In his January 18th piece, "New Md. Rules on Stormwater Assailed," Tim Wheeler describes the content of a Smart Growth Task Force meeting at the Maryland Department of the Environment (MDE) where members of the development community came out to oppose new regulations aimed at tightening pollution control standards on re-development sites.

Having been at the meeting, I wasn't surprised so much by the overwhelming sentiment from the development community; they don't want to have to pay the cost of making their projects pollute less. What did surprise me was the willful and repeated misrepresentation of the new guidelines being set forth by MDE. In almost every case study presented, developers claimed the new regulations would cut into the density of their development. What they failed to acknowledge is that the new regulations have a flexibility that allows for off-site mitigation or for the developer to pay a "fee-in-lieu" if stormwater management can't reasonably be handled on the site. Density can still be achieved, smart growth can be preserved, but dollars will be passed to the local jurisdictions to assist with targeted restoration of degraded creeks and streams.

Most astonishing of all, however, were the local government staffers who called for a weakening of the new regulations. If you happen to live in Baltimore City or Baltimore or Howard counties, I would ask that you put in a call into your planning department to ask why high-level bureaucrats were testifying before MDE to weaken pollution regulations on developers, forcing taxpayers to pick up the tab for the environmental consequences of their projects.

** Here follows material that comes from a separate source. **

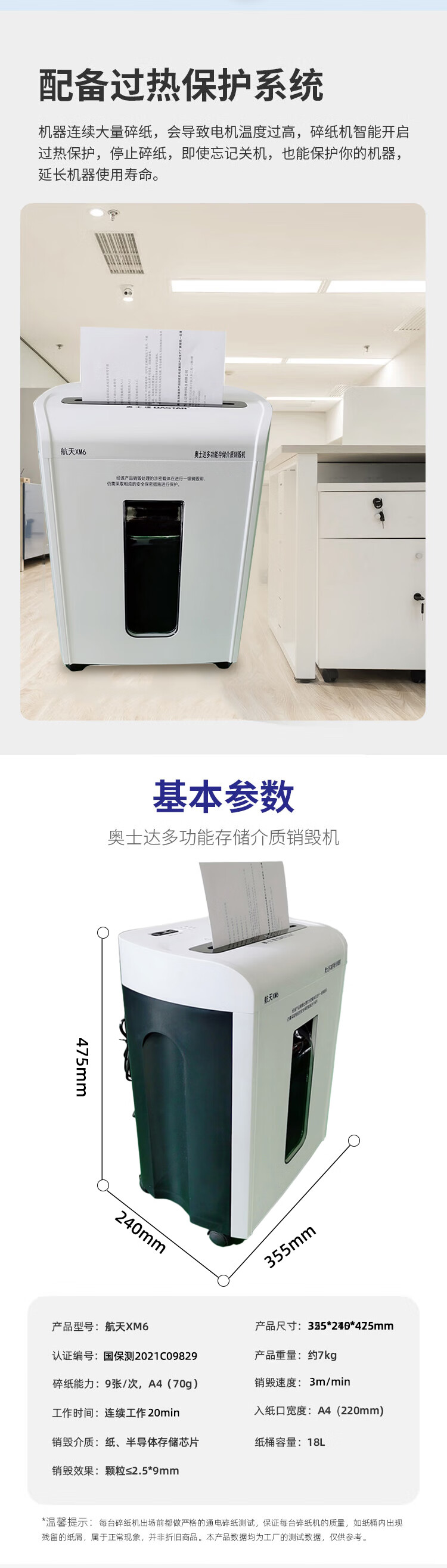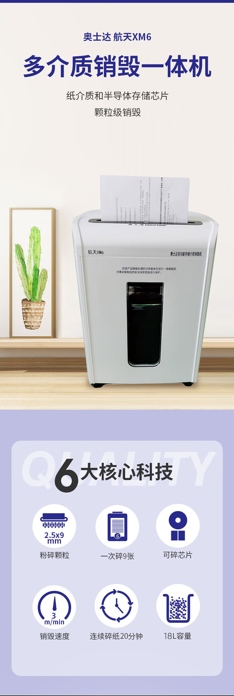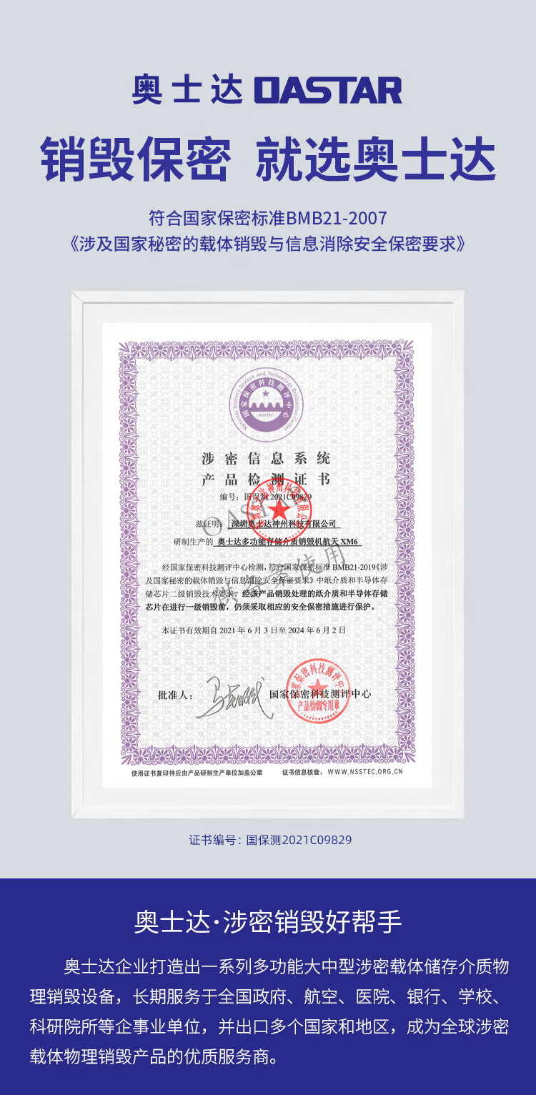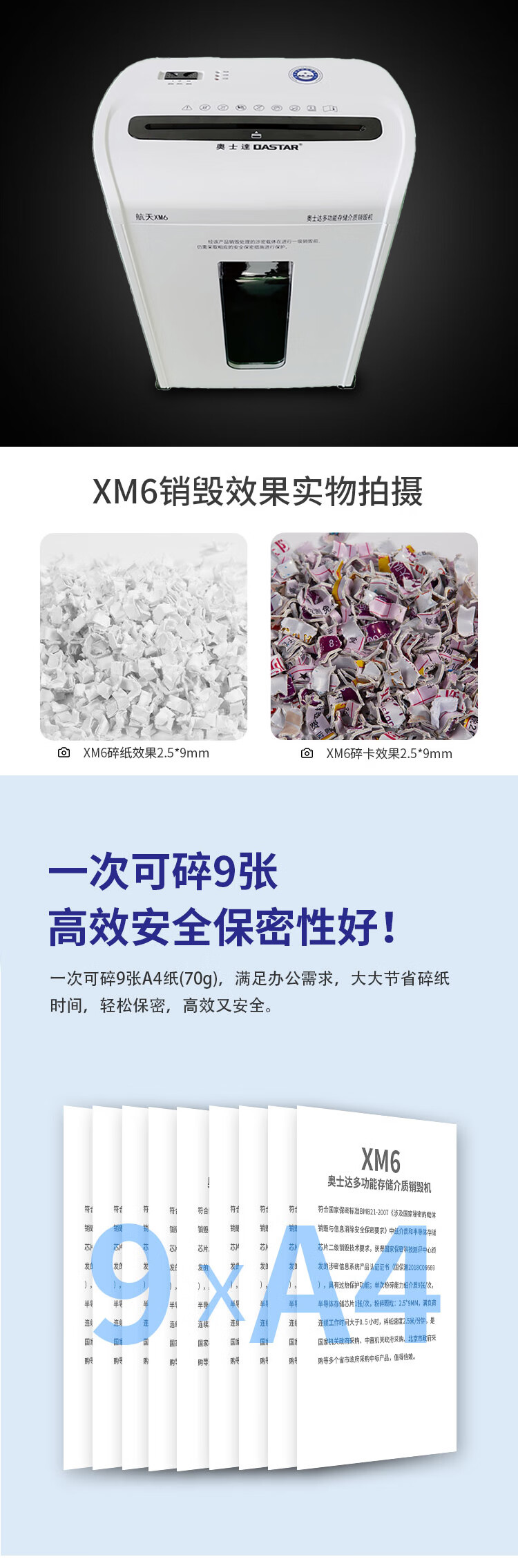 奥士达(OASTAR)航天XM6多功能碎纸机 纸介质/半导体芯片二级保密认证销毁机

We have a multi-billion dollar backlog of restoration work that needs to be accomplished in order to clean up the Chesapeake Bay, and re-development represents an important opportunity in that regard. We can't get clean rivers and a clean bay without everyone picking up their fair share of the cost. Gutting these regulations would represent a huge step in the wrong direction.

Erik Michelsen, Edgewater

The writer is executive director of the South River Federation.